Incremental Loading

Incremental Loading#

The Squirro data loader handles incremental loading for data loader plugins.

The built-in support works if the data source has support for a sorted attribute that will change every time the data is updated.

A common attribute for this is a last modified timestamp.

To handle incremental loading, the connect() method takes two arguments: inc_column and max_inc_value.

They contain the name of the column on which incremental loading is done (specified on the command line with --incremental-column) and the maximum value of that column that was received in the previous load. Well-behaved data loader plugins should implement this property, so that only results are returned where inc_column >= max_inc_value. The data loader then takes care of all the required book-keeping.
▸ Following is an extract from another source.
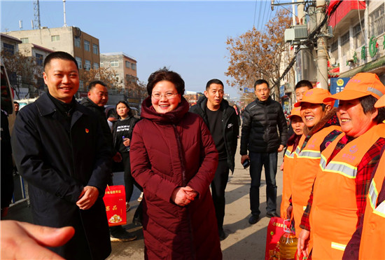 2月1日,臘月廿七,積雪消融,年味兒越來越濃。扶溝縣長張穎波來到軍烈屬和現(xiàn)役軍人家屬代表的家中,送上關(guān)心和祝福;專門來到困難群眾的家中,兌現(xiàn)數(shù)月前的一句承諾;來到辛勤工作的環(huán)衛(wèi)工人、交警和水廠工作人員的身邊,代表縣委、縣政府向?yàn)榇蠹疑嵝〖业膭趧诱咧乱猿绺叩木匆?,送上親切的問候;來到敬老院老人們的身邊,把黨和政府的溫暖送到老人們的心坎上……

Data loader plugins that do not support incremental loading, should raise an error when this option is specified:

def connect(self, inc_column=None, max_inc_value=None):
    if inc_column:
        raise ValueError("Incremental loading not supported.")

With most sources, the incremental column is only sensible and supported on one specific column or property. In that case, it is recommended to implement getIncrementalColumns() and enforce that in connect() as well:

def connect(self, inc_column=None, max_inc_value=None):
    if inc_column and inc_column != "updated_at":
        raise ValueError("Incremental loading is only supported on the updated_at column.")

def getIncrementalColumns(self):
    return ["updated_at"]